TASK DESCRIPTION - Only the lines from the beginning of the listing below through the line with "8月12日下午,澳门教业中学" belong in the answer; please print them exactly and drop the pictures.

PROVIDED MATERIAL -
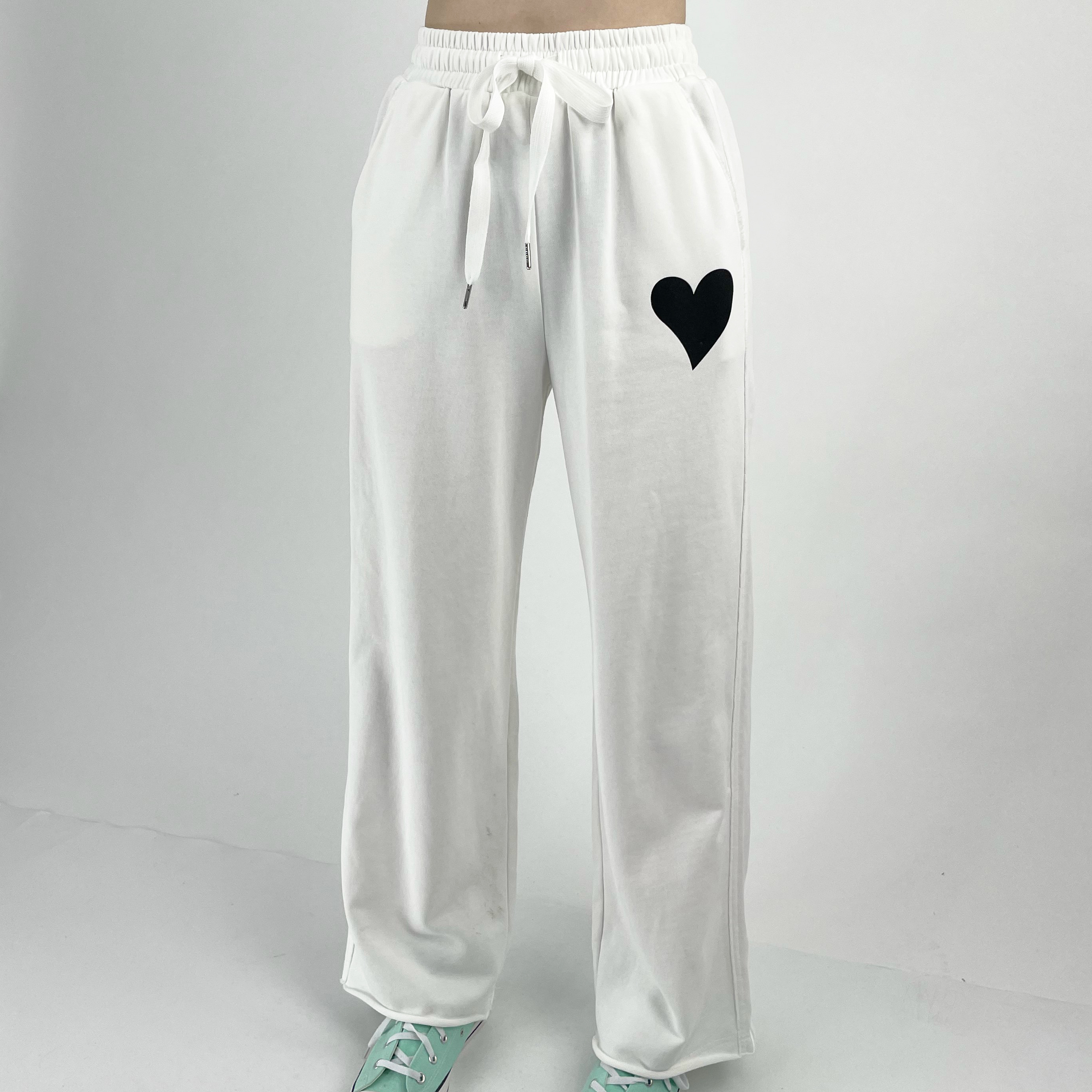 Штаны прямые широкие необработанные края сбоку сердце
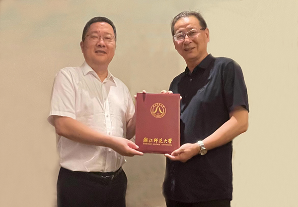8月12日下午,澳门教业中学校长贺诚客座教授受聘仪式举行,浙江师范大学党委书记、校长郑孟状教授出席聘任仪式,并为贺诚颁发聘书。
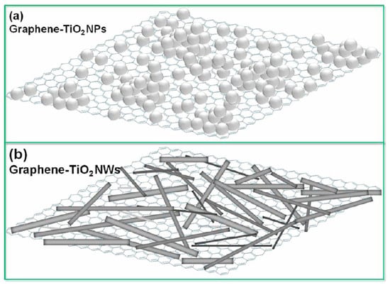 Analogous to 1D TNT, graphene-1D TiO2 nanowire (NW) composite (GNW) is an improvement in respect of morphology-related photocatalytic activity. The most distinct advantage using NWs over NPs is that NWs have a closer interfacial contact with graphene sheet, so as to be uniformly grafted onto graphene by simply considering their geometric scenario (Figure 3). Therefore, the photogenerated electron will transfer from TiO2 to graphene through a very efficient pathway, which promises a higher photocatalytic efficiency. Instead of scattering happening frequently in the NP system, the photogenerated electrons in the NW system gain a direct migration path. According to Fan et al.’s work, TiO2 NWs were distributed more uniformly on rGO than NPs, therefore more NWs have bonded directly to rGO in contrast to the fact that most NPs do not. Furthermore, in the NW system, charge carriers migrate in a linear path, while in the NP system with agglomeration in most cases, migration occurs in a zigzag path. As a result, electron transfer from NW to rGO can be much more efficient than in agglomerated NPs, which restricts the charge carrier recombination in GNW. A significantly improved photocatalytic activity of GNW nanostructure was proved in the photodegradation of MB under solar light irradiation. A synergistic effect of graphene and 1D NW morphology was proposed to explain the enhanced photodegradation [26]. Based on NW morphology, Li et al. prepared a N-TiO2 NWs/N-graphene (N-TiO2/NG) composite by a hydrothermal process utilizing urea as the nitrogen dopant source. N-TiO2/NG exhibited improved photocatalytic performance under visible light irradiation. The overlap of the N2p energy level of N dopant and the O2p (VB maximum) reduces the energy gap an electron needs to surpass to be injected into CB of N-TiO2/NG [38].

SOLUTION FOR THIS TASK -
 Штаны прямые широкие необработанные края сбоку сердце
8月12日下午,澳门教业中学校长贺诚客座教授受聘仪式举行,浙江师范大学党委书记、校长郑孟状教授出席聘任仪式,并为贺诚颁发聘书。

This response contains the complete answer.